Work item:
The entries are to be printed again word for word, but no picture may appear.

Collected data
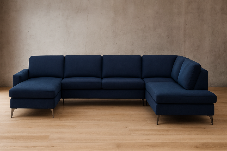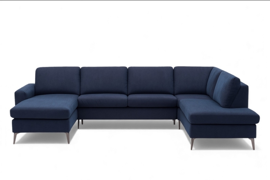Klassiske U sofa m. chaiselong og openend. Med kortere sædedybde.
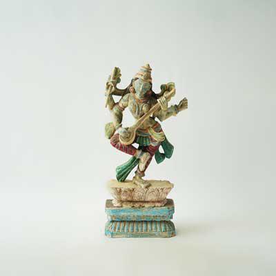 老木精雕佛像-婆罗室伐蒂SARASWATI妙音天女
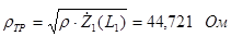 Вычислим волновое сопротивление ЛП четвертьволнового трансформатора для согласования генератора с внутренним активным сопротивлением
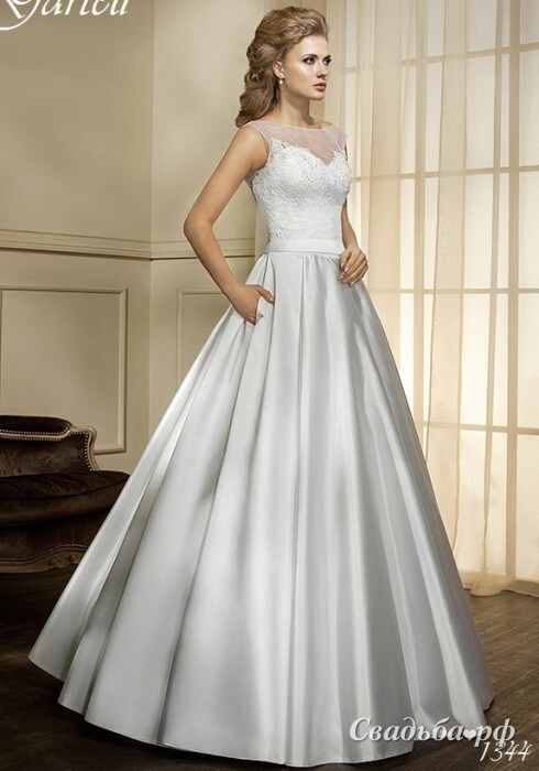 Для создания королевского свадебного образа это платье подходит как нельзя лучше. Пышная юбка из благородного атласа гармонично сочетается с расшитым вручную корсетом. Полупрозрачная вставка на груди придаёт модели очарование и невинность. Изящный пояс подчёркивает талию. Представленный наряд от Garteli не перегружен декоративными элементами.
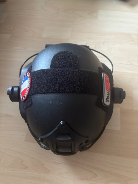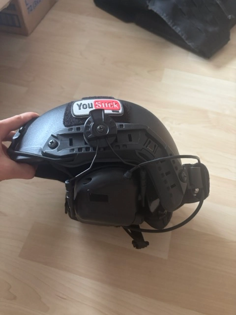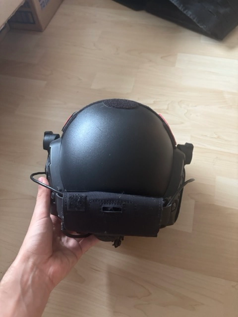 Je vends ce casque Emerson Fast PJ équipé avec les oreillettes EARMOR M32H déjà monté sur les rails du casque. Une pochette pour ranger le cable est également positionnée à l'arrière du casque.
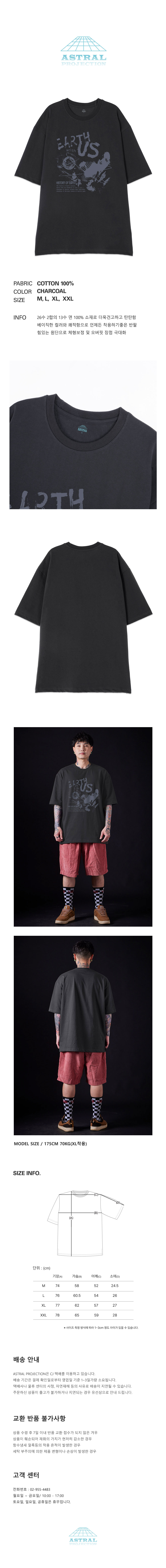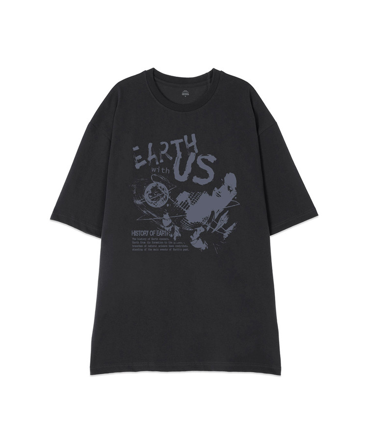 [오버핏]어스 위드 어스 13수 면 라운드 넥 반팔 티셔츠_차콜
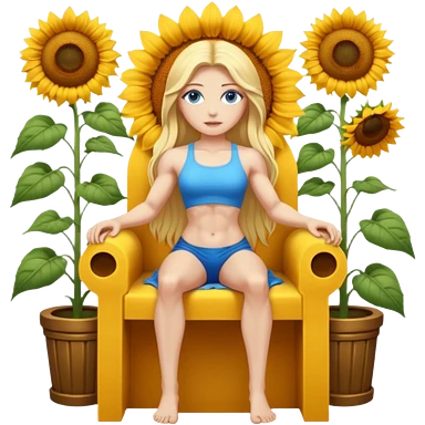 full body woman long blonde hair blue eyes white skin muscular build inside sunflower throne emoji
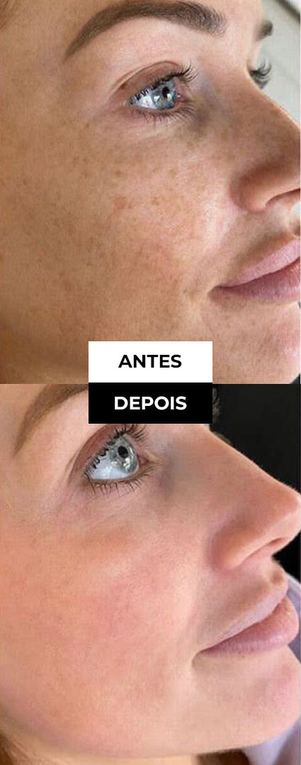 - Clareamento contínuo → redução visível de manchas e melasma
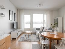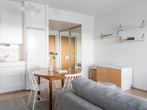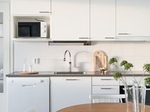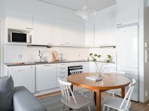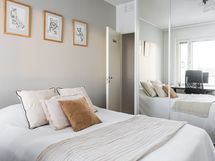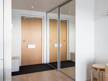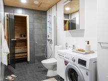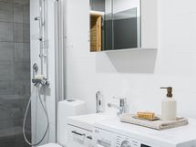 - Varustus: suihkuseinä, pesukoneliitäntä, lattialämmitys, wc-istuin, suihku, peilikaappi, kiinteät valaisimet, kylpyhuonekaapisto.
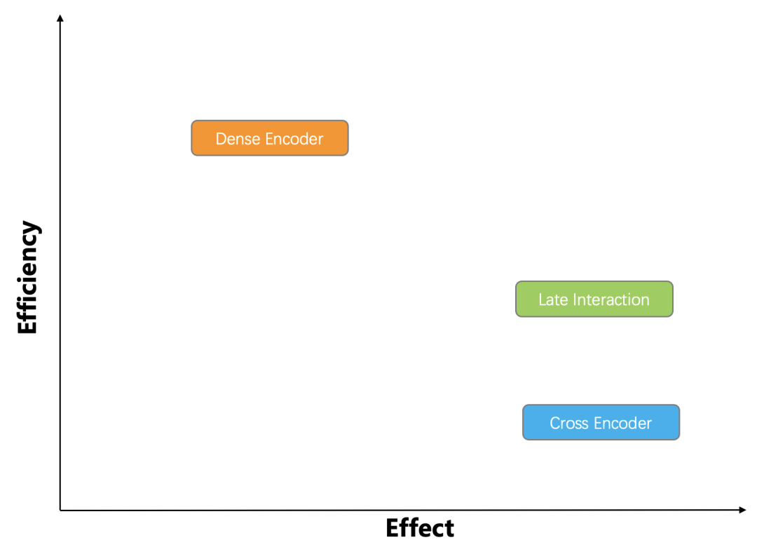 因此相比之下, Cross Encoder 可以称作早期交互模型 (Early Interaction Model),而以 ColBERT 为代表的工作可称为延迟交互模型(Late Interaction Model)。
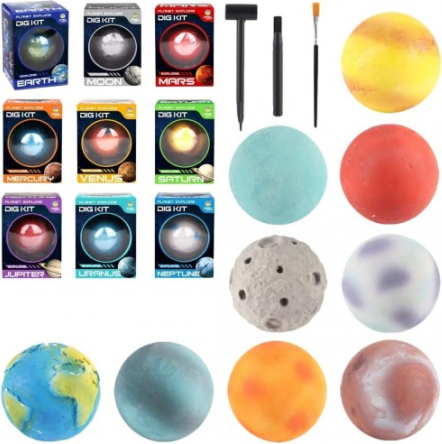 cena par 1 gab. Planet Explore Dig komplekts — atklāj savu Saules sistēmu! Iepazīstinām ar neparasto Planet Explore Dig komplektu, kas aizvedīs jūsu bērnu aizraujošā kosmosa un arheoloģijas ceļojumā! Katrā iepakojumā ir mini klucītis, kurā paslēpta planēta vai mēness. Šī ir ideāla rotaļlieta jaunajiem astronomiem un pētniekiem, nodrošinot stundām ilgas radošas spēles un mācīšanās. Galvenās produkta iezīmes: Planet Dig komplekts: Katrā komplektā ir iekļauts ģipša (vai līdzīga materiāla) klucītis ar tajā iestrādātu planētas vai mēness figūru. Izrakumu process ir gluži kā īstos izrakumos! Pilnīga Saules sistēma: Komplekti ir pieejami ar dažādiem debess ķermeņiem, piemēram, Zemi, Mēnesi, Marsu, Merkuru, Veneru, Saturnu, Jupiteru, Urānu un Neptūnu. Tas ļauj jums savākt visu kolekciju un izveidot savu Saules sistēmas modeli. Izrakumu instrumenti: Katrā komplektā ir iekļauti plastmasas instrumenti — āmurs, kalts/skrāpis un birste. Tie atvieglo precīzu planētas izņemšanu no klucīša. Reālistiskas planētu figūriņas: Izraktās planētu figūriņas ir nokrāsotas, lai atdarinātu to īstās krāsas un virsmas, padarot tās ne tikai par rotaļlietu, bet arī par izglītojošu modeli. Attīsta pacietību un precizitāti: Izrakumu process prasa koncentrēšanos, pacietību un precīzas kustības, kas uzlabo roku veiklību un roku-acu koordināciju. Atbalsta STEM izglītību: Komplekts iepazīstina bērnus ar astronomiju un ģeoloģiju aizraujošā veidā, stimulējot viņu zinātnisko zinātkāri un vēlmi izpētīt pasauli. Lieliski piemērots kā dāvana: Komplekts ir skaisti iepakots kartona kastītē ar grafiku, kas attēlo planētu, padarot to par gatavu un pievilcīgu dāvanu jebkuram jaunam pētniekam. Ieteicamais vecums: 6+ (kā norādīts uz iepakojuma). Iepakojuma izmērs: 13x10x10 cm. Dodiet savam bērnam iespēju piedzīvot aizraujošus atklājumus un iegūt savu Saules sistēmas planētu kolekciju ar Planet Explore Dig Kit! BRĪDINĀJUMI! Nav piemērots bērniem, kas jaunāki par 36 mēn! Komplektā sīkas detaļas! Savainošanās risks! Pirms rotaļlietu dodiet bērniem izņemiet to no iepakojuma. Ja uz tā ir svarīga informācija noglabājiet to bērniem nepieejamā vietā lai izvairītos no savainošanās riska (piem.ar skavām) vai nosmakšanas risku ar iepakojuma maisiņu. Ražots Ķīnā. Importētājs TRIFOX Sp. z o.o. ul.Konwaliowa 21 43-300 Bielsko-Biała Polija, e-mail: biuro@trifox.pl
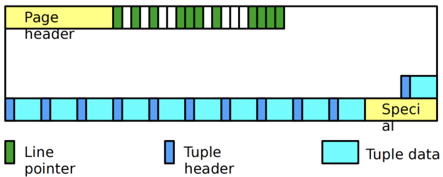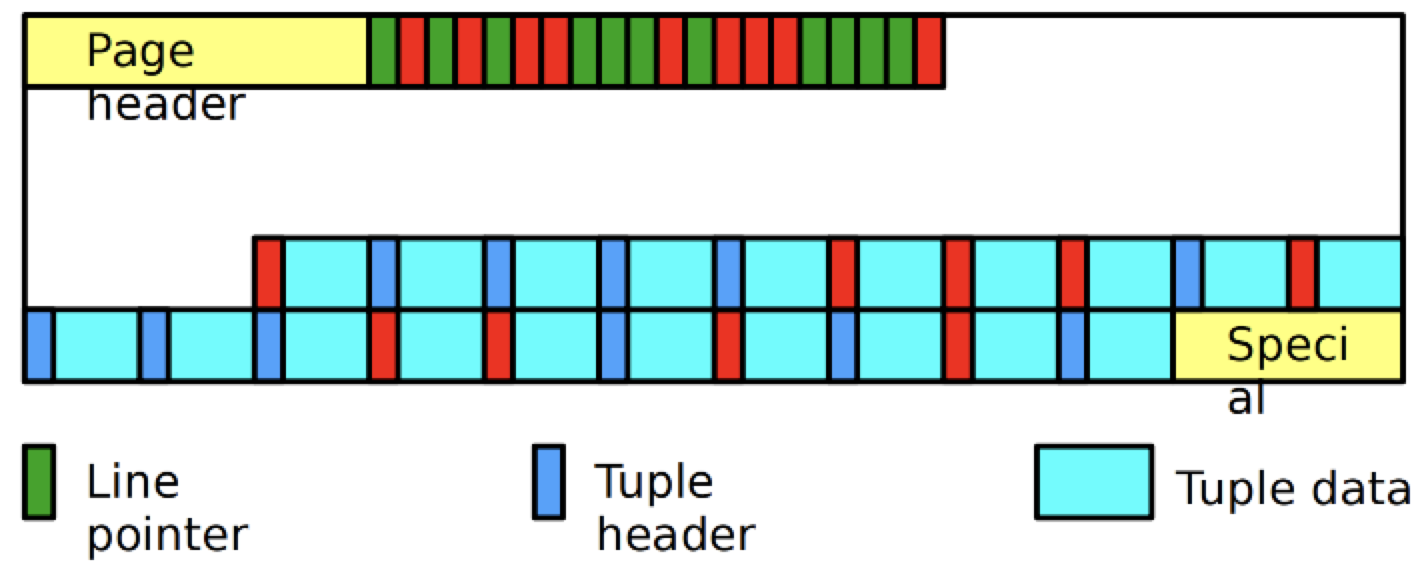 1 2 3 4 5 6 7 8 9 10 11 12 13 14 15 16 17 18 19 20 21 22 23 24 25 26 27 28 29 30 31 32 33 34 35 postgres= # create table test(id int ,info text); CREATE TABLE postgres= # insert into test values (1 ,'hello' ); INSERT 0 1 postgres= # insert into test values (100 ,'world' ); INSERT 0 1 postgres= # insert into test values (2 ,'xiongcc' ); INSERT 0 1 postgres= # checkpoint ; CHECKPOINT postgres= # select pg_relation_filepath('test' ); pg_relation_filepath base/ 5 / 58559 (1 row ) postgres= # SELECT lp,lp_off,lp_flags,t_ctid,t_data,infomask(t_infomask,1 )as infomask,infomask(t_infomask,2 )as infomask2 FROM heap_page_items(get_raw_page('test' , 0 )); lp | lp_off | lp_flags | t_ctid | t_data | infomask | infomask2 1 | 8152 | 1 | (0 ,1 ) | \x010000000d68656c6c6f | XMAX_INVALID| HASVARWIDTH | 2 | 8112 | 1 | (0 ,2 ) | \x640000000d776f726c64 | XMAX_INVALID| HASVARWIDTH | 3 | 8072 | 1 | (0 ,3 ) | \x020000001178696f6e676363 | XMAX_INVALID| HASVARWIDTH | (3 rows ) postgres= # \! sh encode.sh TID: 1 data offset : 8152 length: 34 binary : 0000000001000100 1001111111011000 TID: 2 data offset : 8112 length: 34 binary : 0000000001000100 1001111110110000 TID: 3 data offset : 8072 length: 36 binary : 0000000001001000 1001111110001000 TID: 4 data offset : 0 length: 0 binary : 0000000000000000 0000000000000000 TID: 5 data offset : 0 length: 0 binary : 0000000000000000 0000000000000000 TID: 6 data offset : 0 length: 0 binary : 0000000000000000 0000000000000000 TID: 7 data offset : 0 length: 0 binary : 0000000000000000 0000000000000000 TID: 8 data offset : 0 length: 0 binary : 0000000000000000 0000000000000000 TID: 9 data offset : 0 length: 0 binary : 0000000000000000 0000000000000000 TID: 10 data offset : 0 length: 0 binary : 0000000000000000 0000000000000000

Task response:
Klassiske U sofa m. chaiselong og openend. Med kortere sædedybde.
 老木精雕佛像-婆罗室伐蒂SARASWATI妙音天女
 Вычислим волновое сопротивление ЛП четвертьволнового трансформатора для согласования генератора с внутренним активным сопротивлением
 Для создания королевского свадебного образа это платье подходит как нельзя лучше. Пышная юбка из благородного атласа гармонично сочетается с расшитым вручную корсетом. Полупрозрачная вставка на груди придаёт модели очарование и невинность. Изящный пояс подчёркивает талию. Представленный наряд от Garteli не перегружен декоративными элементами.
 Je vends ce casque Emerson Fast PJ équipé avec les oreillettes EARMOR M32H déjà monté sur les rails du casque. Une pochette pour ranger le cable est également positionnée à l'arrière du casque.
 [오버핏]어스 위드 어스 13수 면 라운드 넥 반팔 티셔츠_차콜
 full body woman long blonde hair blue eyes white skin muscular build inside sunflower throne emoji
 - Clareamento contínuo → redução visível de manchas e melasma
 - Varustus: suihkuseinä, pesukoneliitäntä, lattialämmitys, wc-istuin, suihku, peilikaappi, kiinteät valaisimet, kylpyhuonekaapisto.
 因此相比之下, Cross Encoder 可以称作早期交互模型 (Early Interaction Model),而以 ColBERT 为代表的工作可称为延迟交互模型(Late Interaction Model)。
 cena par 1 gab. Planet Explore Dig komplekts — atklāj savu Saules sistēmu! Iepazīstinām ar neparasto Planet Explore Dig komplektu, kas aizvedīs jūsu bērnu aizraujošā kosmosa un arheoloģijas ceļojumā! Katrā iepakojumā ir mini klucītis, kurā paslēpta planēta vai mēness. Šī ir ideāla rotaļlieta jaunajiem astronomiem un pētniekiem, nodrošinot stundām ilgas radošas spēles un mācīšanās. Galvenās produkta iezīmes: Planet Dig komplekts: Katrā komplektā ir iekļauts ģipša (vai līdzīga materiāla) klucītis ar tajā iestrādātu planētas vai mēness figūru. Izrakumu process ir gluži kā īstos izrakumos! Pilnīga Saules sistēma: Komplekti ir pieejami ar dažādiem debess ķermeņiem, piemēram, Zemi, Mēnesi, Marsu, Merkuru, Veneru, Saturnu, Jupiteru, Urānu un Neptūnu. Tas ļauj jums savākt visu kolekciju un izveidot savu Saules sistēmas modeli. Izrakumu instrumenti: Katrā komplektā ir iekļauti plastmasas instrumenti — āmurs, kalts/skrāpis un birste. Tie atvieglo precīzu planētas izņemšanu no klucīša. Reālistiskas planētu figūriņas: Izraktās planētu figūriņas ir nokrāsotas, lai atdarinātu to īstās krāsas un virsmas, padarot tās ne tikai par rotaļlietu, bet arī par izglītojošu modeli. Attīsta pacietību un precizitāti: Izrakumu process prasa koncentrēšanos, pacietību un precīzas kustības, kas uzlabo roku veiklību un roku-acu koordināciju. Atbalsta STEM izglītību: Komplekts iepazīstina bērnus ar astronomiju un ģeoloģiju aizraujošā veidā, stimulējot viņu zinātnisko zinātkāri un vēlmi izpētīt pasauli. Lieliski piemērots kā dāvana: Komplekts ir skaisti iepakots kartona kastītē ar grafiku, kas attēlo planētu, padarot to par gatavu un pievilcīgu dāvanu jebkuram jaunam pētniekam. Ieteicamais vecums: 6+ (kā norādīts uz iepakojuma). Iepakojuma izmērs: 13x10x10 cm. Dodiet savam bērnam iespēju piedzīvot aizraujošus atklājumus un iegūt savu Saules sistēmas planētu kolekciju ar Planet Explore Dig Kit! BRĪDINĀJUMI! Nav piemērots bērniem, kas jaunāki par 36 mēn! Komplektā sīkas detaļas! Savainošanās risks! Pirms rotaļlietu dodiet bērniem izņemiet to no iepakojuma. Ja uz tā ir svarīga informācija noglabājiet to bērniem nepieejamā vietā lai izvairītos no savainošanās riska (piem.ar skavām) vai nosmakšanas risku ar iepakojuma maisiņu. Ražots Ķīnā. Importētājs TRIFOX Sp. z o.o. ul.Konwaliowa 21 43-300 Bielsko-Biała Polija, e-mail: biuro@trifox.pl
 1 2 3 4 5 6 7 8 9 10 11 12 13 14 15 16 17 18 19 20 21 22 23 24 25 26 27 28 29 30 31 32 33 34 35 postgres= # create table test(id int ,info text); CREATE TABLE postgres= # insert into test values (1 ,'hello' ); INSERT 0 1 postgres= # insert into test values (100 ,'world' ); INSERT 0 1 postgres= # insert into test values (2 ,'xiongcc' ); INSERT 0 1 postgres= # checkpoint ; CHECKPOINT postgres= # select pg_relation_filepath('test' ); pg_relation_filepath base/ 5 / 58559 (1 row ) postgres= # SELECT lp,lp_off,lp_flags,t_ctid,t_data,infomask(t_infomask,1 )as infomask,infomask(t_infomask,2 )as infomask2 FROM heap_page_items(get_raw_page('test' , 0 )); lp | lp_off | lp_flags | t_ctid | t_data | infomask | infomask2 1 | 8152 | 1 | (0 ,1 ) | \x010000000d68656c6c6f | XMAX_INVALID| HASVARWIDTH | 2 | 8112 | 1 | (0 ,2 ) | \x640000000d776f726c64 | XMAX_INVALID| HASVARWIDTH | 3 | 8072 | 1 | (0 ,3 ) | \x020000001178696f6e676363 | XMAX_INVALID| HASVARWIDTH | (3 rows ) postgres= # \! sh encode.sh TID: 1 data offset : 8152 length: 34 binary : 0000000001000100 1001111111011000 TID: 2 data offset : 8112 length: 34 binary : 0000000001000100 1001111110110000 TID: 3 data offset : 8072 length: 36 binary : 0000000001001000 1001111110001000 TID: 4 data offset : 0 length: 0 binary : 0000000000000000 0000000000000000 TID: 5 data offset : 0 length: 0 binary : 0000000000000000 0000000000000000 TID: 6 data offset : 0 length: 0 binary : 0000000000000000 0000000000000000 TID: 7 data offset : 0 length: 0 binary : 0000000000000000 0000000000000000 TID: 8 data offset : 0 length: 0 binary : 0000000000000000 0000000000000000 TID: 9 data offset : 0 length: 0 binary : 0000000000000000 0000000000000000 TID: 10 data offset : 0 length: 0 binary : 0000000000000000 0000000000000000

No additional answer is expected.